Exercise brief => Where the line with "Poc després el" appears below, start writing out lines exactly, and finish with the line with "春节期间,徽州的各家各户的饭", which is included; write out nothing else.

Material for this exercise =>

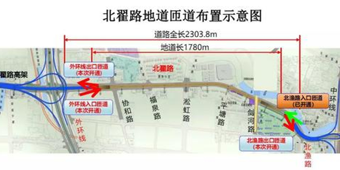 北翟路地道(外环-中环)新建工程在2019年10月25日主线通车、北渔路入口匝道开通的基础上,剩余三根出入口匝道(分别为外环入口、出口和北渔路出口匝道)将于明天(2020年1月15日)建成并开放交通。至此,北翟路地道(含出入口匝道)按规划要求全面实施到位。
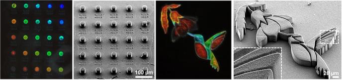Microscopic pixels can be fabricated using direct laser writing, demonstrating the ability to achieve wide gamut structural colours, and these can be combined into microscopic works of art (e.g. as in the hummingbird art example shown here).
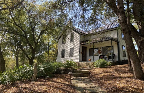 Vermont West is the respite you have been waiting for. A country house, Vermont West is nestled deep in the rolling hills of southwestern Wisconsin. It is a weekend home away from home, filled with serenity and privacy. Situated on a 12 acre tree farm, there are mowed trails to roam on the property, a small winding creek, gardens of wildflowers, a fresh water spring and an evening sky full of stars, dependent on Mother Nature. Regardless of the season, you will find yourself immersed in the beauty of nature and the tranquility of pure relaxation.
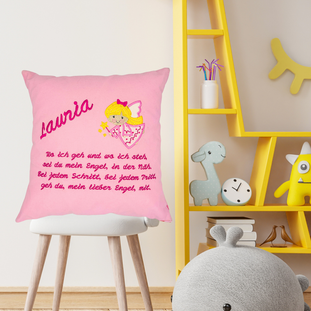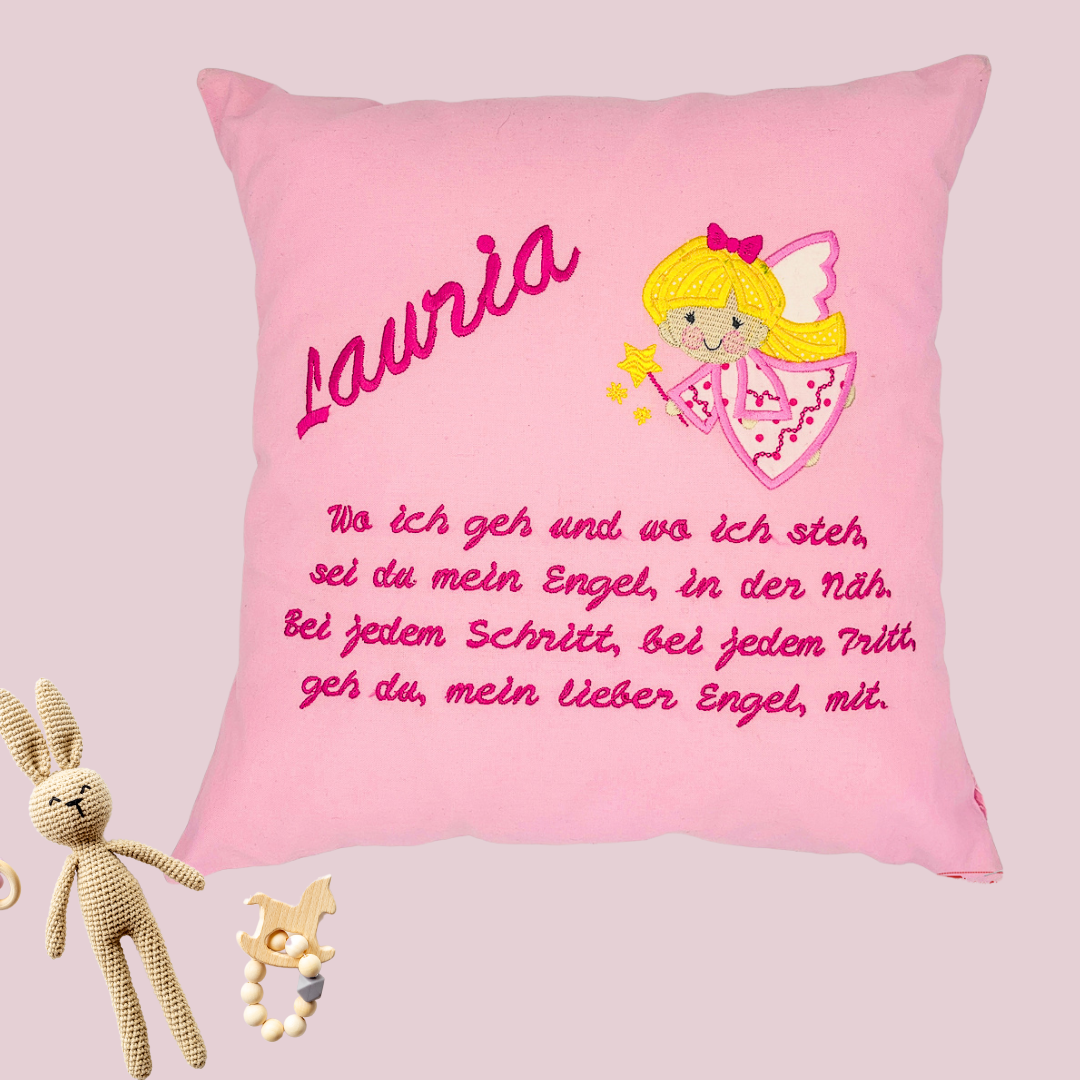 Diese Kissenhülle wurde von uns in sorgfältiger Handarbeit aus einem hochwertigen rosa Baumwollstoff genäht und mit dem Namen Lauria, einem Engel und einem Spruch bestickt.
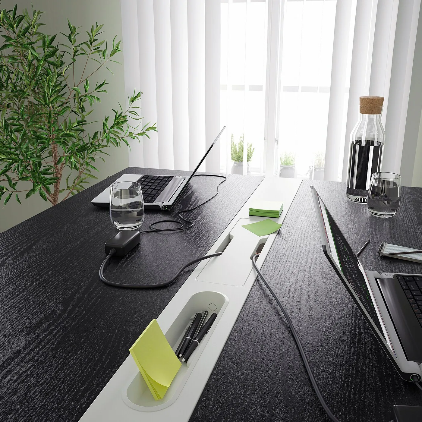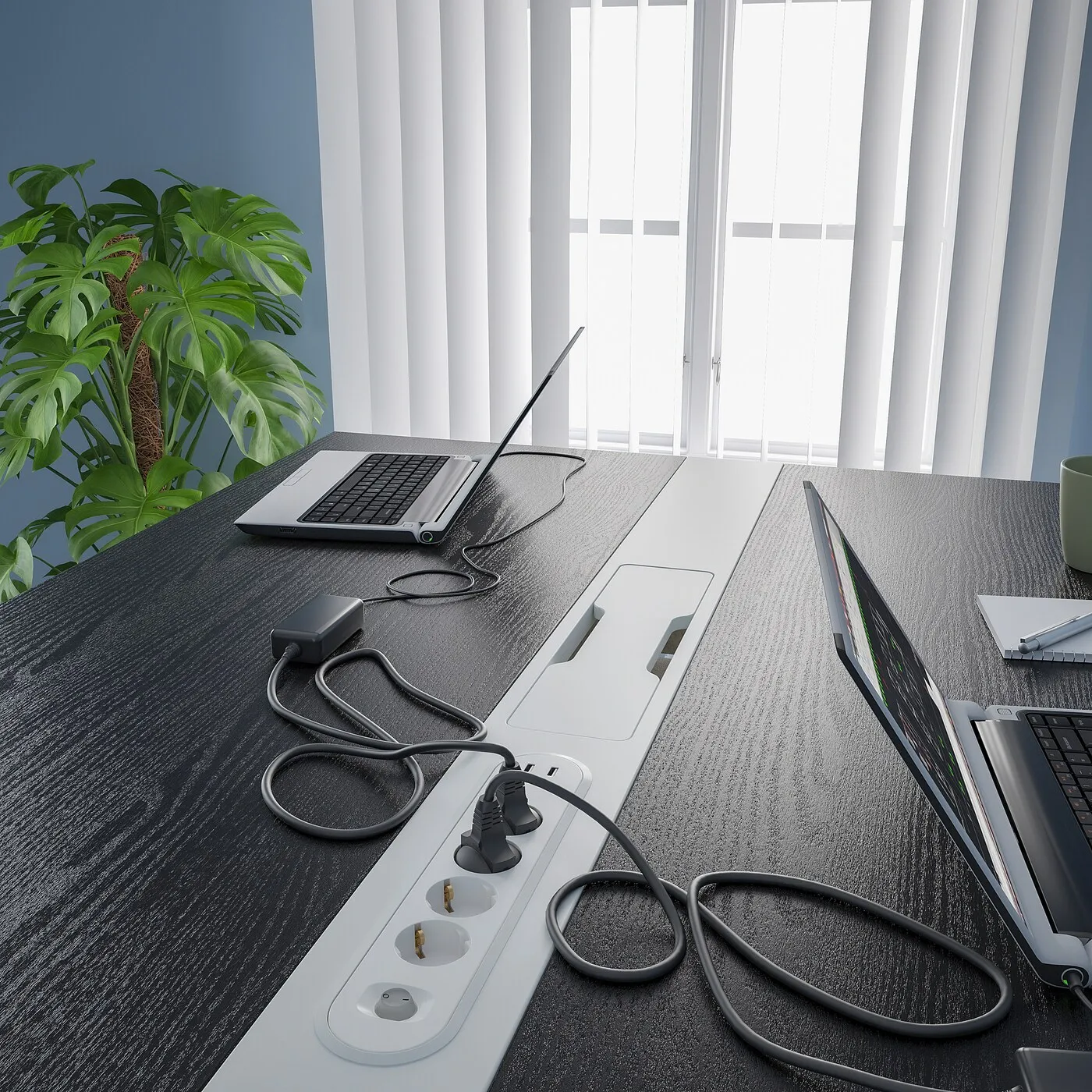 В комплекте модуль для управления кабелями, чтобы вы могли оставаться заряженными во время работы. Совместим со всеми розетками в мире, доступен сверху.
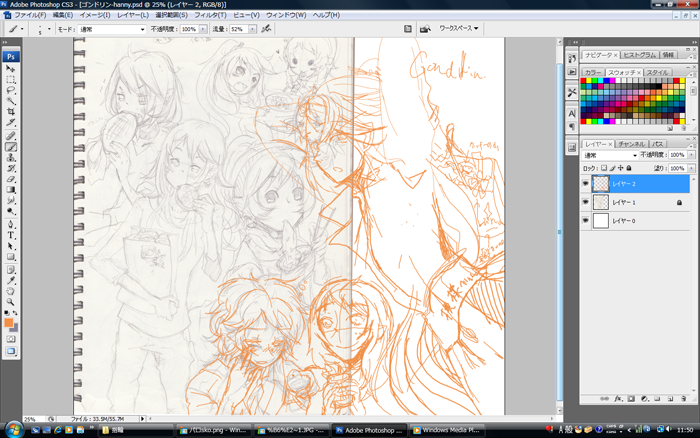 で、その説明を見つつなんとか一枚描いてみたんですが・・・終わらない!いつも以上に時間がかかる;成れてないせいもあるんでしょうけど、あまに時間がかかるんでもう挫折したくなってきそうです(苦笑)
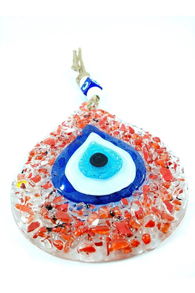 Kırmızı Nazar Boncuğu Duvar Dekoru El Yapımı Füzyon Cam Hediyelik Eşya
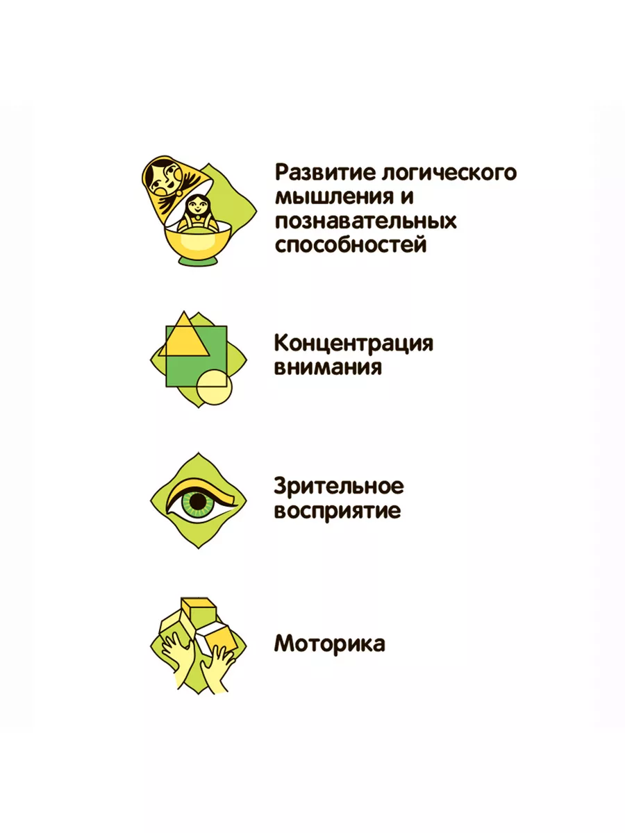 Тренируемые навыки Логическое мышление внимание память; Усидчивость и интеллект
...
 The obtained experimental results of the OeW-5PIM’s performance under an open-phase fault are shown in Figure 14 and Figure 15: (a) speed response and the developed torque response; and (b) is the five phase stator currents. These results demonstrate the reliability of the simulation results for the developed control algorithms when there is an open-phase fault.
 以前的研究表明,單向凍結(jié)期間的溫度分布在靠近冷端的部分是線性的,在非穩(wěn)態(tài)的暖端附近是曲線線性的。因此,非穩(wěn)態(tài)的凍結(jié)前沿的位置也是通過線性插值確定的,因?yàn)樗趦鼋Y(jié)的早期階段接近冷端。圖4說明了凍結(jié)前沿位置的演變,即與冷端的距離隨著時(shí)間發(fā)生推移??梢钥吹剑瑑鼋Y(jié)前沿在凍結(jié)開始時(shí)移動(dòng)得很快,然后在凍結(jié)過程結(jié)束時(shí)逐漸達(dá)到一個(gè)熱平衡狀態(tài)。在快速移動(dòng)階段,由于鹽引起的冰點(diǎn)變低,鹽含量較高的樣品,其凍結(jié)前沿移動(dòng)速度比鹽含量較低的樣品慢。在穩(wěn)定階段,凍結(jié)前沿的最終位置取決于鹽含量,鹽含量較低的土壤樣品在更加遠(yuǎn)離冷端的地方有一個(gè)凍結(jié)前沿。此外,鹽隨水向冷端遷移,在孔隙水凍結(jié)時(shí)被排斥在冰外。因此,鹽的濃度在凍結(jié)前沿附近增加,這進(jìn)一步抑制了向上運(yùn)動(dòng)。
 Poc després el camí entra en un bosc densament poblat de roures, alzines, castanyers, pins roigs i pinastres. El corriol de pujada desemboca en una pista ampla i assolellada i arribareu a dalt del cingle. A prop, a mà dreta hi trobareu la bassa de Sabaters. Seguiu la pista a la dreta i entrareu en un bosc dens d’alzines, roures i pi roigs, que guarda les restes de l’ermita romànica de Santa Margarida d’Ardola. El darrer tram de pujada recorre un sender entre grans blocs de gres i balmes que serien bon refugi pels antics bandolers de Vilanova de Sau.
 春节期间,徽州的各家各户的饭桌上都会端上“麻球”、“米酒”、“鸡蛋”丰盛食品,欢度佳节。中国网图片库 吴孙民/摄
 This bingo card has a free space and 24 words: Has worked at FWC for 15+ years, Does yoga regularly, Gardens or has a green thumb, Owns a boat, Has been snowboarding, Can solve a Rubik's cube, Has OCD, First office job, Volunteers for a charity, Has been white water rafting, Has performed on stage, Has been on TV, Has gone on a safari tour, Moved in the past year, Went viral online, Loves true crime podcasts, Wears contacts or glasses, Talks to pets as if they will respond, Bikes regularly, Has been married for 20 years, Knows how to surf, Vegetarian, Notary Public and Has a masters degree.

Response to the exercise =>
 Poc després el camí entra en un bosc densament poblat de roures, alzines, castanyers, pins roigs i pinastres. El corriol de pujada desemboca en una pista ampla i assolellada i arribareu a dalt del cingle. A prop, a mà dreta hi trobareu la bassa de Sabaters. Seguiu la pista a la dreta i entrareu en un bosc dens d’alzines, roures i pi roigs, que guarda les restes de l’ermita romànica de Santa Margarida d’Ardola. El darrer tram de pujada recorre un sender entre grans blocs de gres i balmes que serien bon refugi pels antics bandolers de Vilanova de Sau.
 春节期间,徽州的各家各户的饭桌上都会端上“麻球”、“米酒”、“鸡蛋”丰盛食品,欢度佳节。中国网图片库 吴孙民/摄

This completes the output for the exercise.